One of the biggest misconceptions he comes across is the belief that grower Champagne is too expensive to consider. “We have purposely built our stable of wines with value and commerciality in mind. Our entry-level Champagnes can rival some of the big brands' prices and for the quality that you get the value for money is superb. This is why we are seeing an increase in our Champagnes being listed as a by the glass option or being a restaurants ‘house’ champagne.”
Consumers are now more conscious than ever of supporting smaller businesses, organic produce and sustainable manufacturing. “Grower Champagnes tick all these boxes and can provide a refreshing view of the Champagne industry away from the household production line of big brands,” he adds.
While grower Champagnes are slowly making their presence felt in the UK on-trade, they are regularly placed alongside the big brands says Foster. “What we also need to be careful of is that the same grower Champagnes aren’t listed across the top restaurants otherwise we can go down the same route of having a lack of individuality and uniqueness to a list. You wouldn’t visit 10 restaurants with the exact same food menu so the wine list has to be unique and creative too.”

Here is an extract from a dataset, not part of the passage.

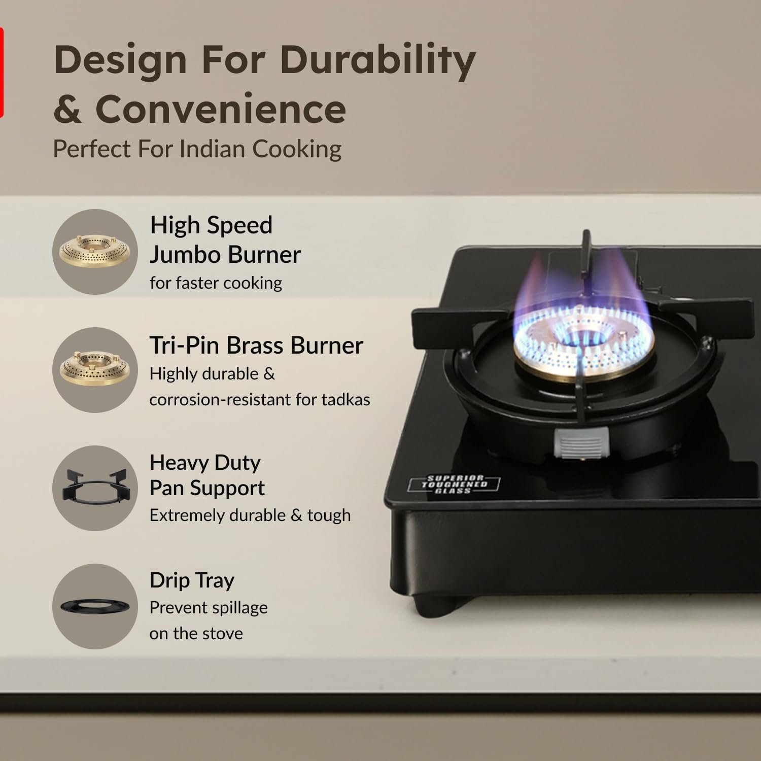 - Its 360 Degree revolving nozzle lets you effortlessly connect the gas pipes from any direction. The removable Stainless Steel Spill Tray keeps your kitchen tidy and mess-free. Powder Coated Pan Support prevents corrosion and provides high durability
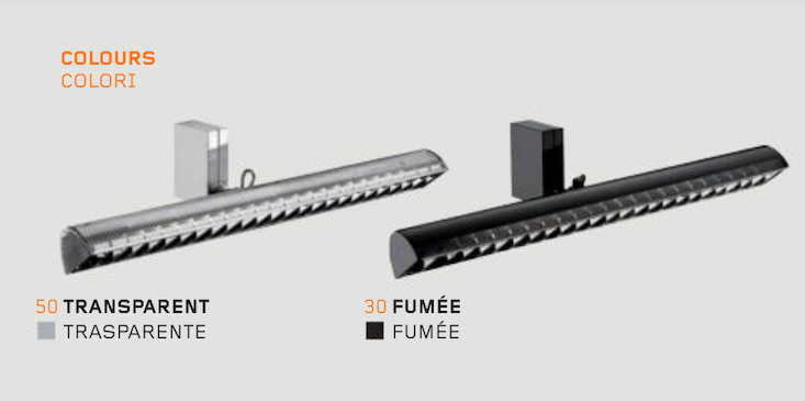 L'installazione a parete avviene mediante in doppio attacco in acciaio coperte da due guance complementari in alluminio presso fuso con finitura lucidata / verniciata trasparente o verniciata di colore nero lucido a liquido. Il ballast è elettronico non dimmerabile. Disponibile nella finitura trasparene (50)

So what support and advice can Deux Six Wines give to the on-trade? “When working with our clients the key is education and support. We want to help sommeliers and restaurants to be able to showcase the Champagnes in the best way possible. Whether that’s through staff training on the stories and selling points of each bottle or through working with how to best pair the wines with a menu. We offer a free staff training session to inspire the staff on how to best sell the bottle and regularly update clients with any news or new vintages and bottles available.”
Deux Six also works closely with sommeliers and buyers to advise on their Champagne lists, offering a free list consultation and tasting session to on-trade clients to help them develop the perfect offering.

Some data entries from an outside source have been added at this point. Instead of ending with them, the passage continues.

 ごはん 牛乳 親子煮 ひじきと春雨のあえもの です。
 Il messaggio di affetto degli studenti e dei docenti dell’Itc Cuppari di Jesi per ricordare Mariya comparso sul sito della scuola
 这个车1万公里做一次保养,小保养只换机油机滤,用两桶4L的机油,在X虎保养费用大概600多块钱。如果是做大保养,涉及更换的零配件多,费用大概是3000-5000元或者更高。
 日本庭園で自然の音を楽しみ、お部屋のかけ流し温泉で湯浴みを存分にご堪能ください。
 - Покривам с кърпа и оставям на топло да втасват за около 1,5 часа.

When devising a list from scratch, Foster says there are various factors to consider, including the number of covers, the menu size and on-site storage just for starters. “A good place to start is to have a strong non-vintage by the glass white and rosé,” advises Foster. “In terms of style I would always recommend having a Blanc de Blancs and a Blanc de Noirs available and then a few bottles of something special in the cellar – something a bit unique and different, such as 100% Meunier, oak-aged, oxidative style, Rose de Saignee or something along those lines, and one or two top-quality vintages in the cellar.”
Cameron also emphasises the importance of having an excellent by the glass option. “This is where you can really stand out by offering something unique and of remarkable quality at an approachable price. If the first Champagne on your list is something intriguing yet affordable it will always get chosen.

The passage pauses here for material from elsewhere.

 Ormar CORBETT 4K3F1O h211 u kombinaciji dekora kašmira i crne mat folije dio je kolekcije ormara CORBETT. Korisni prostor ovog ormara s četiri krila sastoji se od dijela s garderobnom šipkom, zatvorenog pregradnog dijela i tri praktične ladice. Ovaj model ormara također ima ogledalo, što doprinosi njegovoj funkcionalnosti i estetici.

“It's all about education and then passing that knowledge on to the customers. If your staff are passionate about Champagne then this will relay to your customers and increase sales.”
He also recommends listing Champagne by village or sub-region, as this can be a great talking point with customers to show where in Champagne the wine comes from and how this can affect its style and flavour. “This is what makes grower champagnes special. There is nothing more impressive than knowing exactly where your Champagne has come from.
“As an example a Blanc de Noirs from Montagne de Reims will be different from a Blanc de Blancs from the Cote de Blancs.”